Quiconque a déjà visité la capitale tchèque connaît Malá Strana. En venant de la Vieille Ville, après avoir traversé le Pont Charles, c’est le quartier pitoresque que tous les touristes visitent, en se rendant notamment au Château. « Victime » du succès touristique de la ville aux cent clochers, ses rues sont bondées mais il suffit de prendre une rue adjacente pour retrouver le calme et la magie des lieux. Malá Strana était autrefois un quartier commerçant, peuplé majoritairement d’Allemands ; il est le lieu de naissance de Jan Neruda (1834 – 1891).

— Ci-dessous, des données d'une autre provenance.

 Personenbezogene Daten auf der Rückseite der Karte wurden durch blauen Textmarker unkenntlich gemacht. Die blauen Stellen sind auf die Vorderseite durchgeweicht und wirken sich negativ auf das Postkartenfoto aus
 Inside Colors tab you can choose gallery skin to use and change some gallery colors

Il y est né dans une maison que l’on peut encore voir aujourd’hui (« Aux deux soleils »), dans une rue qui a depuis pris le nom de l’auteur (« rue Nerudova »), et dans laquelle il a passé quasiment toute son existence. Auteur de feuilletons, poèmes, drames…, Jan Neruda est un auteur majeur de son pays ; il fut proche du mouvement de Renaissance tchèque qui marqua l’histoire de son pays au XIXème siècle.

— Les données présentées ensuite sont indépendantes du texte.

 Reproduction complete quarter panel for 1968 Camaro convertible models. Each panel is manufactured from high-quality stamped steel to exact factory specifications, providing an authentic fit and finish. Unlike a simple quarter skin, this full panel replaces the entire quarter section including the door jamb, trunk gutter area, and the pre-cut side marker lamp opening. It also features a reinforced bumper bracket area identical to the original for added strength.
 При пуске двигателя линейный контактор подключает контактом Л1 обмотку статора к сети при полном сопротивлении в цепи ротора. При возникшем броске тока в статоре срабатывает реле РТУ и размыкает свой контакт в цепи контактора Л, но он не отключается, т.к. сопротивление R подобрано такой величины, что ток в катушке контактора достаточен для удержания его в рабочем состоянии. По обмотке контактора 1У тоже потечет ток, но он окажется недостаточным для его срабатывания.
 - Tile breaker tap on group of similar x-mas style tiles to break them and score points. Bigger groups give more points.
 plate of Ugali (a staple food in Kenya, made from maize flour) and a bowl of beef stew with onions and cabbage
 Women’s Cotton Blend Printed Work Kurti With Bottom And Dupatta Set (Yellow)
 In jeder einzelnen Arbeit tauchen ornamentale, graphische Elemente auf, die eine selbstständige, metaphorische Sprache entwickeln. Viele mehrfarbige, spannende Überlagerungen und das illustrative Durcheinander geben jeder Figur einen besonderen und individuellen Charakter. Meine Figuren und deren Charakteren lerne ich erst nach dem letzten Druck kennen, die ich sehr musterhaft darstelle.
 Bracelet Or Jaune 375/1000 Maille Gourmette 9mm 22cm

Les textes ici présentés sont narrés par Neruda lui-même, à hauteur de l’enfant qu’il était dans les années 40 du XIXème siècle. Leur tonalité alterne entre ironie, humour, tendresse. A les lire, nul doute que Neruda maîtrise l’art de la nouvelle. Il suffit de quelques lignes pour que le lecteur soit plongé dans les histoires ; les descriptions y sont très fines, notamment pour les personnages principaux des nouvelles mais aussi des lieux qui les entourent :
Je veux écrire une histoire triste, mais dont la joyeuse initiale sera pour moi le visage de monsieur Vojtíšek. C’était un visage éclatant de santé, rouge vif comme le rôti dominical arrosé de beurre frais. Et le samedi, car monsieur Vojtíšek ne se rasait que le dimanche, quand sa barbe blanche qui poussait dru sur son menton arrondi fleurissait comme une épaisse crème fouetté, je le trouvais encore plus beau. Ses cheveux aussi me plaisaient. Il n’en avait pas beaucoup : ils prenaient naissance à la hauteur des temps, au bord de la calvitie, ils grisonnaient déjà, ayant perdu leur reflet d’argent, et commençaient à virer au jaune, mais ils étaient comme de la soie, flottant au vent, et si doux autour de sa tête.

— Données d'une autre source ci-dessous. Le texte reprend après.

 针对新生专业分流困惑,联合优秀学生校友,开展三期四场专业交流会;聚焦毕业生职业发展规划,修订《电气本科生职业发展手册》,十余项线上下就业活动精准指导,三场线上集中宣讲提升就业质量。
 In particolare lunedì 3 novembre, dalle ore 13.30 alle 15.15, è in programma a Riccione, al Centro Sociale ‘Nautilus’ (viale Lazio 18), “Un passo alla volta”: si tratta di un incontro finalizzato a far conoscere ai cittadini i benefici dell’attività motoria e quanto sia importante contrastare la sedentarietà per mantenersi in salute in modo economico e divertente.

C’est toute une ambiance qui est restituée dans ce recueil ! On y rencontre un docteur, un mendiant, un commerçant, des jeunes gens… Neruda réussit à nous immerger dans son univers, mais malgré les 150 ans qui nous séparent de la publication, elles conservent une certaine actualité car elle y traite de sujets universels : l’amour, la vengeance, les rêves de la jeunesse, la tromperie, le temps qui passe… Citons entre autres « Monsieur Ryšánek et Monsieur Schlegel », l’histoire de deux habitués d’un café pragois qui partagent toujours le même banc, mais ne se supportent pas – ou encore « Ecrit cette année-là à la Toussaint », sur une dame qui va fleurir deux tombes avec un rituel particulier.
Je le disais : il y a de l’humour, de l’ironie, mais aussi de la délicatesse et l’auteur suggère parfois plus qu’il ne révèle.
Une excellente lecture et une très belle découverte.